From the line that contains "Bei der Blaulichtmeile" through the end of the records below, write out each line exactly as it appears, but not the pictures.

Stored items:
● ● ●

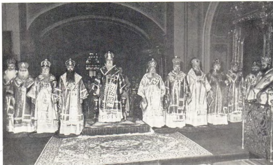
Святейший Патриарх Пимен и Преосвященные архиереи за Божественной литургией в Богоявленском патриаршем соборе 9 сентября 1985 года
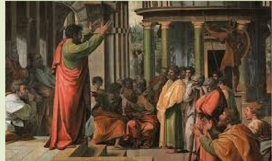
Марк Туллий Цицерон
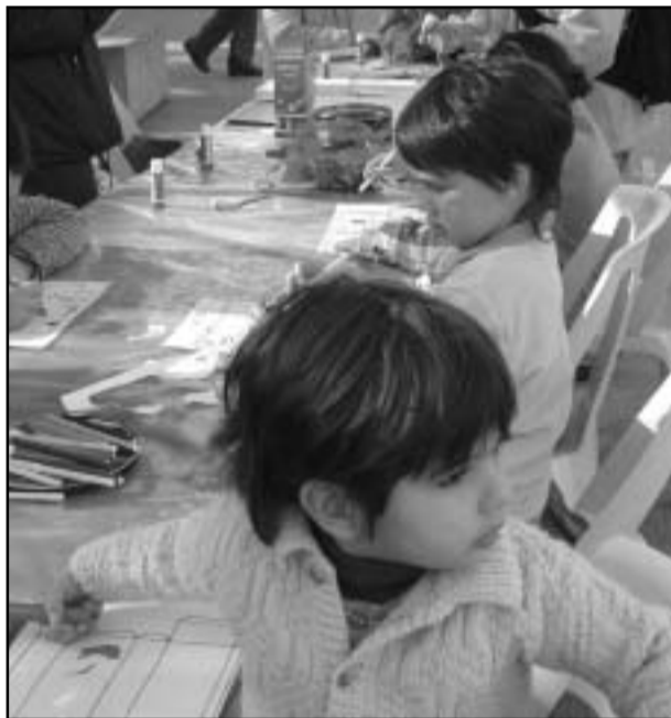
Els infants van ser els màxims protagonistes.
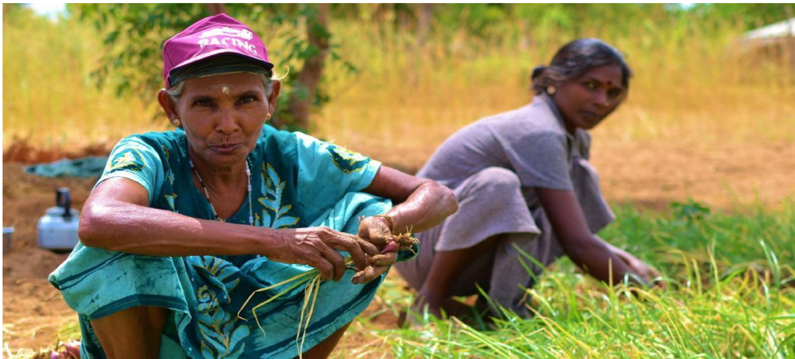
FOTO A LA DERECHA: Vida en una antigua área minada en Sudán del Sur.

FOTO INFERIOR: Cosechando cebollas en tierra despejada en Sri Lanka.
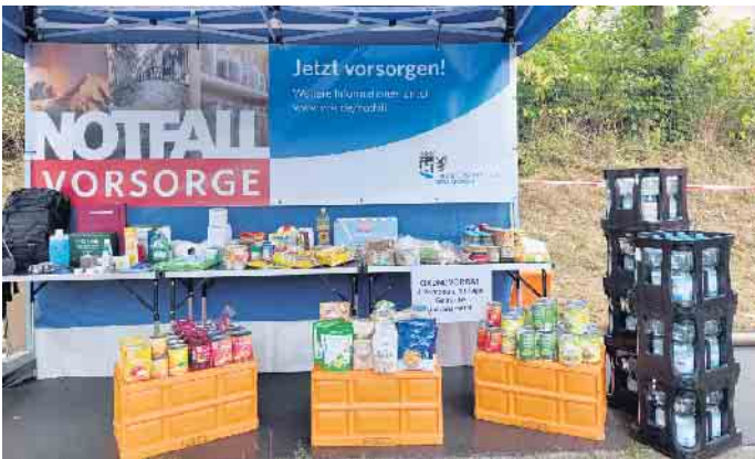
Bei der Blaulichtmeile 2022 entlang der Aggertalsperre ging der Oberbergische Kreis an seinem Stand auf das Thema Not- bzw. Grundvorrat ein.

Die Kreisverwaltung informiert monatlich zum Thema Notfallvorsorge. Diesmal geht es um das Anlegen eines Notvorrats.
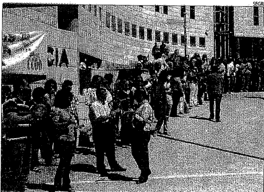
Casserolada al Canyeret ■ Un total de 70 funcionaris de l'administració de justícia de Lleida van participar ahir en una nova casserolada en protesta per la retallada salarial.

Per la seua part, el grup municipal de CiU del Vendrell, com va publicar aquest diari, té la intenció de seguir els passos de Lleida i presentar en el pròxim ple una moció que demani la prohibició del vel islàmic integral en equipaments municipals.
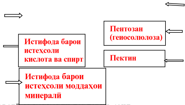
Расми 2. Маҳсулоти асосӣ ва иловагӣ аз коркарди лаблабуи қанд
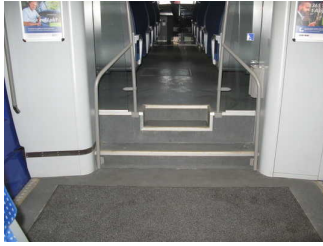
Treppe zw. Niederflur- und Hochflurbereiche
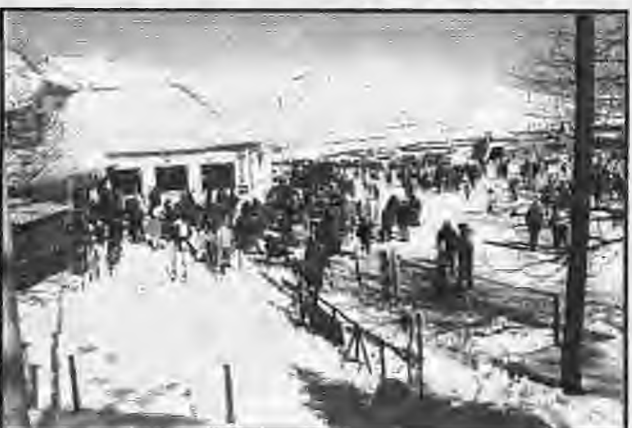
Τέτοιες καλές στιγμές ακόμη δεν γνώρισε φέτος τα Σέλι, αφού χιόνι έχει μόνον στην περιοχή Αρσουύμπασσι.

Εμείς ευχόμαστε στους φίλους μαγαζάτορες του ωραιότερου ορεινού χωριού της Ελλάδος να ζήσουν τέτοιες στιγμές, έστω και μέσα στον Φεβρουάριο.
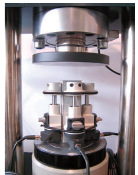
Fig. 1: Muestras de hormigón y mortero equipados con sensores de alta precisión 55-C0222/F para el ensayo de ME

● ● ●

» Written solution
Bei der Blaulichtmeile 2022 entlang der Aggertalsperre ging der Oberbergische Kreis an seinem Stand auf das Thema Not- bzw. Grundvorrat ein.

Die Kreisverwaltung informiert monatlich zum Thema Notfallvorsorge. Diesmal geht es um das Anlegen eines Notvorrats.
Casserolada al Canyeret ■ Un total de 70 funcionaris de l'administració de justícia de Lleida van participar ahir en una nova casserolada en protesta per la retallada salarial.

Per la seua part, el grup municipal de CiU del Vendrell, com va publicar aquest diari, té la intenció de seguir els passos de Lleida i presentar en el pròxim ple una moció que demani la prohibició del vel islàmic integral en equipaments municipals.
Расми 2. Маҳсулоти асосӣ ва иловагӣ аз коркарди лаблабуи қанд
Treppe zw. Niederflur- und Hochflurbereiche
Τέτοιες καλές στιγμές ακόμη δεν γνώρισε φέτος τα Σέλι, αφού χιόνι έχει μόνον στην περιοχή Αρσουύμπασσι.

Εμείς ευχόμαστε στους φίλους μαγαζάτορες του ωραιότερου ορεινού χωριού της Ελλάδος να ζήσουν τέτοιες στιγμές, έστω και μέσα στον Φεβρουάριο.
Fig. 1: Muestras de hormigón y mortero equipados con sensores de alta precisión 55-C0222/F para el ensayo de ME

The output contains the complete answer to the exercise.